- [Assignment] Would you please copy all of the data exactly, skipping the images?

____ Source material

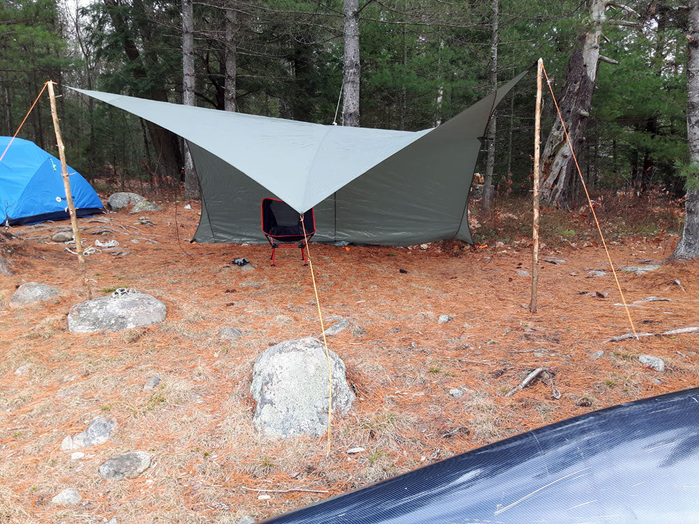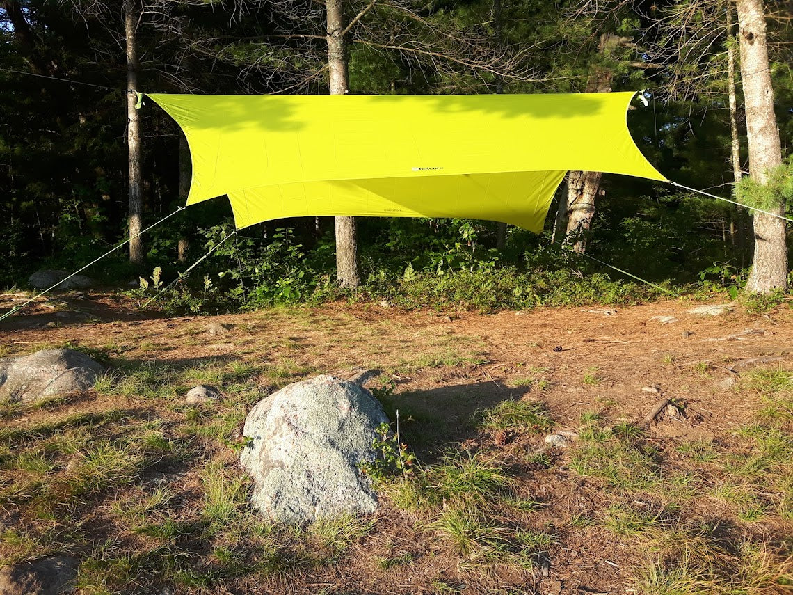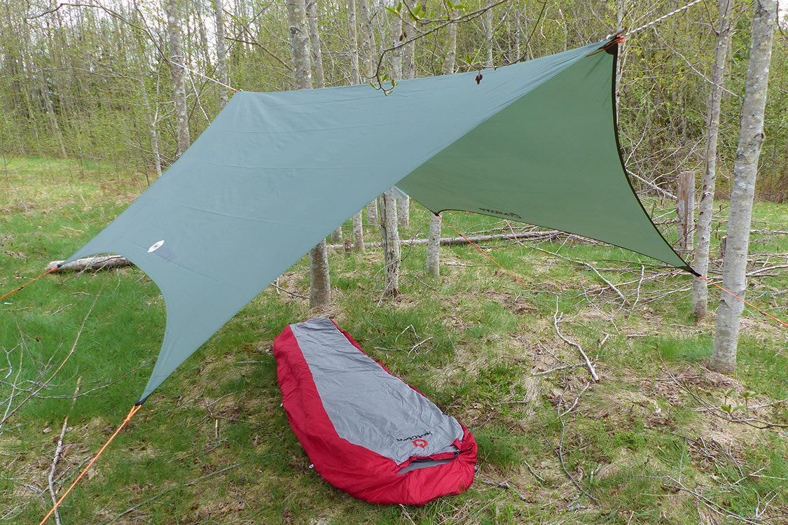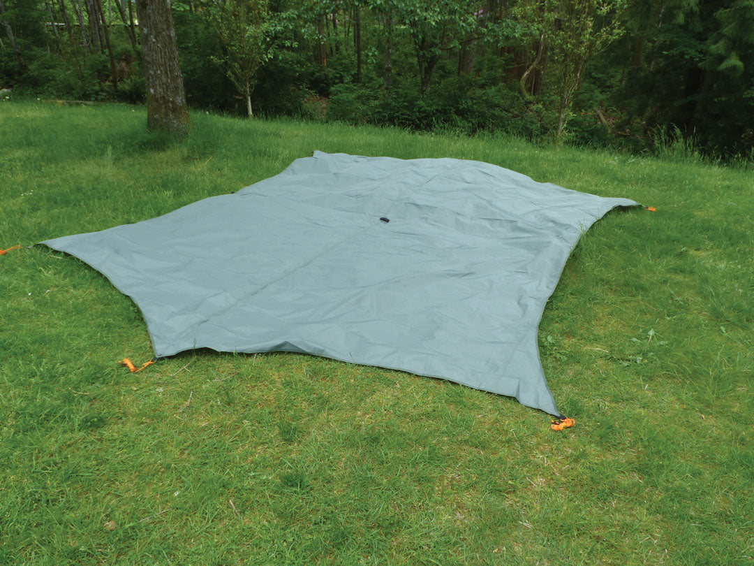 Tarps make campsites better-like this Multi sized, seam-taped, waterproofcoated, 75D polyester unit from Canadian company Hotcore. It comes ready to hoist with six high-viz guy-lines and two grommets, and at just 600 grams it’s good for car-camping or backcountry excursions.
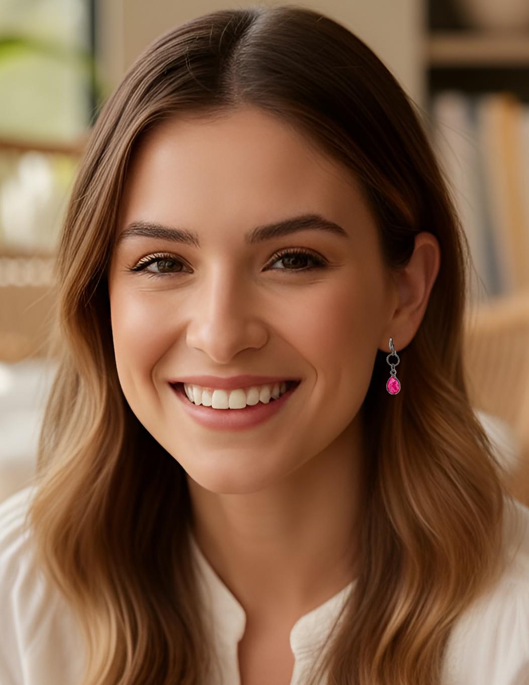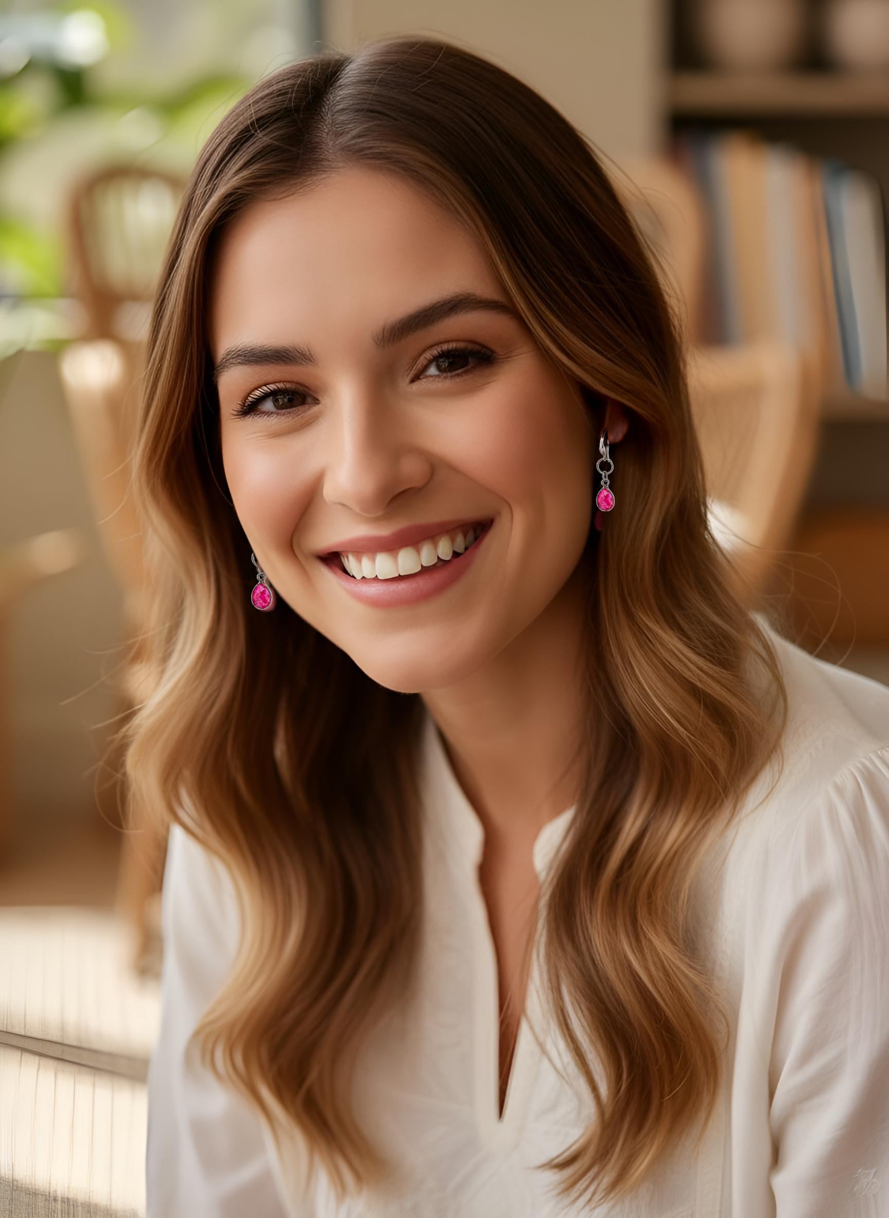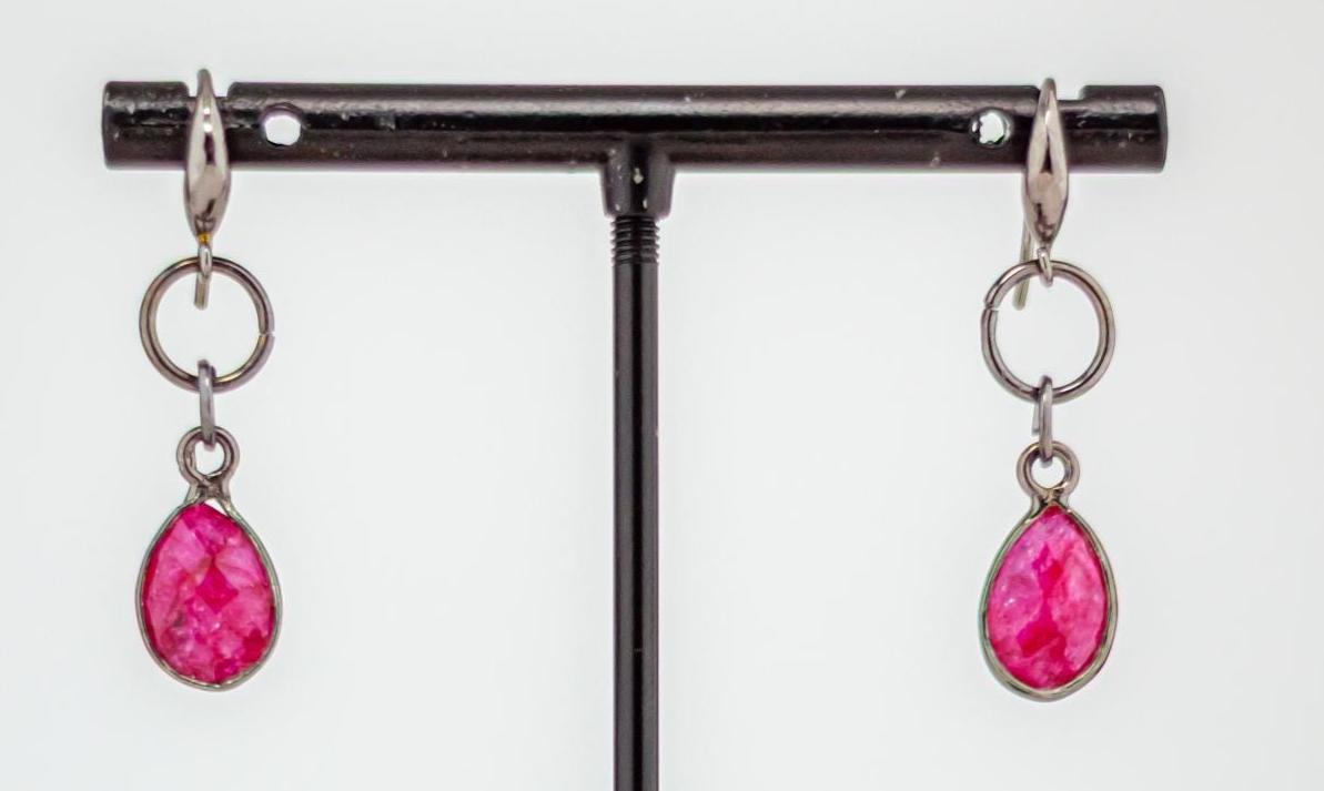 Genuine red quartz gemstones. These beautiful teardrop-shaped quartz stones shimmer with vivid, bright, and dark hot pink hues, glowing with natural vibrancy. Every pair is unique, with slight natural variations in size, color, and transparency of the stones; your purchased pair may be slightly lighter or darker than those pictured.
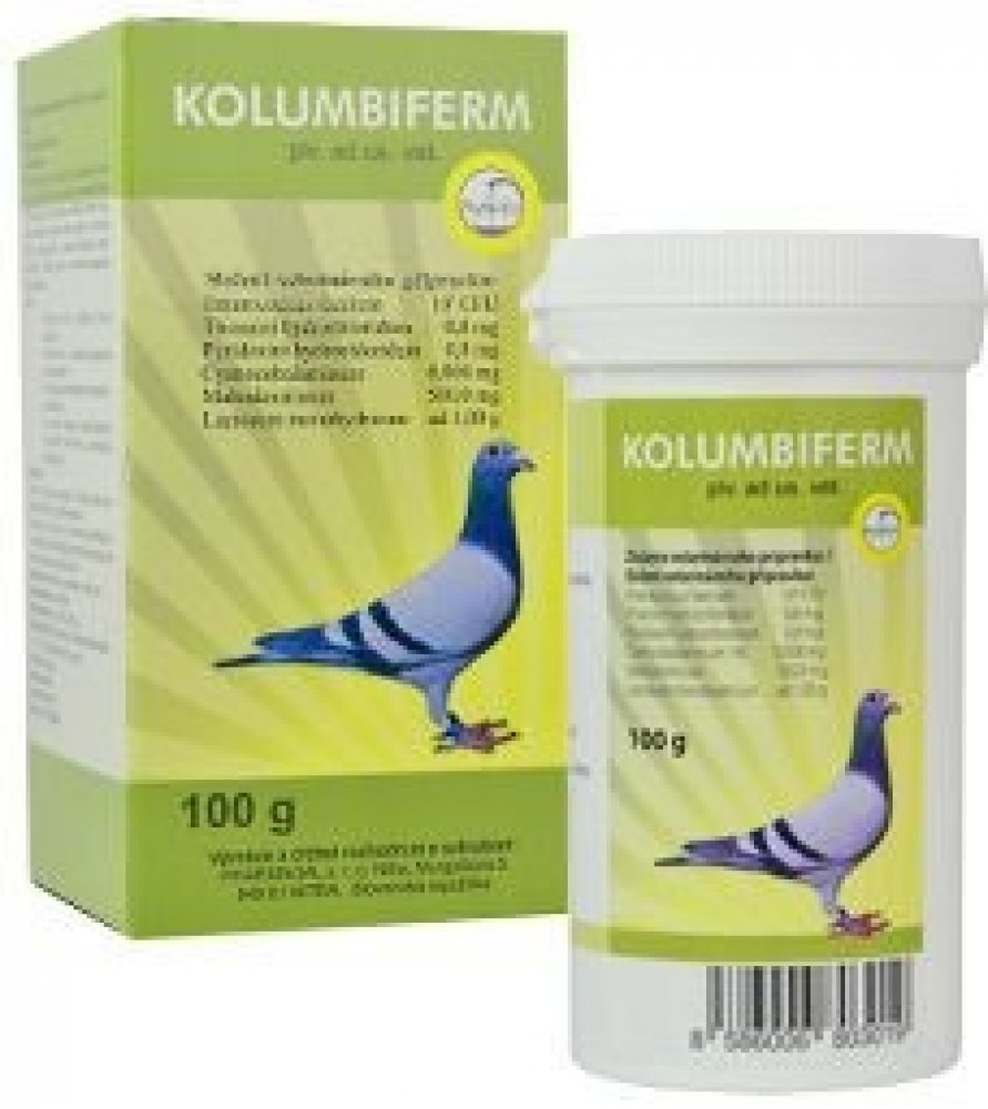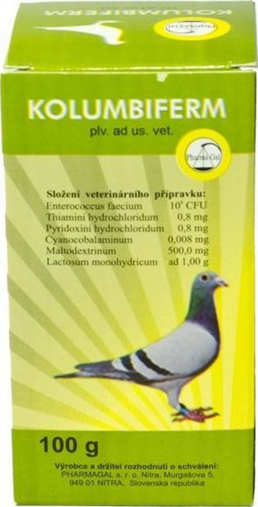 Voděrozpustný prášek s obsahem živé probiotické kultury mikroorganizmu Enterococcus faecium a vitamínů skupiny B určený pro denní a pitný režim závodících holubů a jako aditivum krmného a pitného režimu mladých a chovných holubů na podporu růstu a množení přirozené střevní mikroflóry a inhibice růstu a množení patogenních mikroorganizmů.
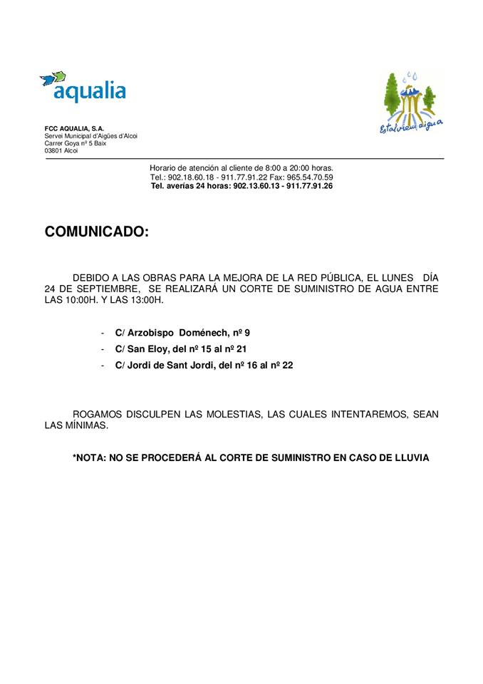 AQUALIA PROCEDERÁ A UN CORTE DE SUMINISTRO PARA LA MEJORA DE LA RED PÚBLICA

________

- [Answer to the problem]
 Tarps make campsites better-like this Multi sized, seam-taped, waterproofcoated, 75D polyester unit from Canadian company Hotcore. It comes ready to hoist with six high-viz guy-lines and two grommets, and at just 600 grams it’s good for car-camping or backcountry excursions.
 Genuine red quartz gemstones. These beautiful teardrop-shaped quartz stones shimmer with vivid, bright, and dark hot pink hues, glowing with natural vibrancy. Every pair is unique, with slight natural variations in size, color, and transparency of the stones; your purchased pair may be slightly lighter or darker than those pictured.
 Voděrozpustný prášek s obsahem živé probiotické kultury mikroorganizmu Enterococcus faecium a vitamínů skupiny B určený pro denní a pitný režim závodících holubů a jako aditivum krmného a pitného režimu mladých a chovných holubů na podporu růstu a množení přirozené střevní mikroflóry a inhibice růstu a množení patogenních mikroorganizmů.
 AQUALIA PROCEDERÁ A UN CORTE DE SUMINISTRO PARA LA MEJORA DE LA RED PÚBLICA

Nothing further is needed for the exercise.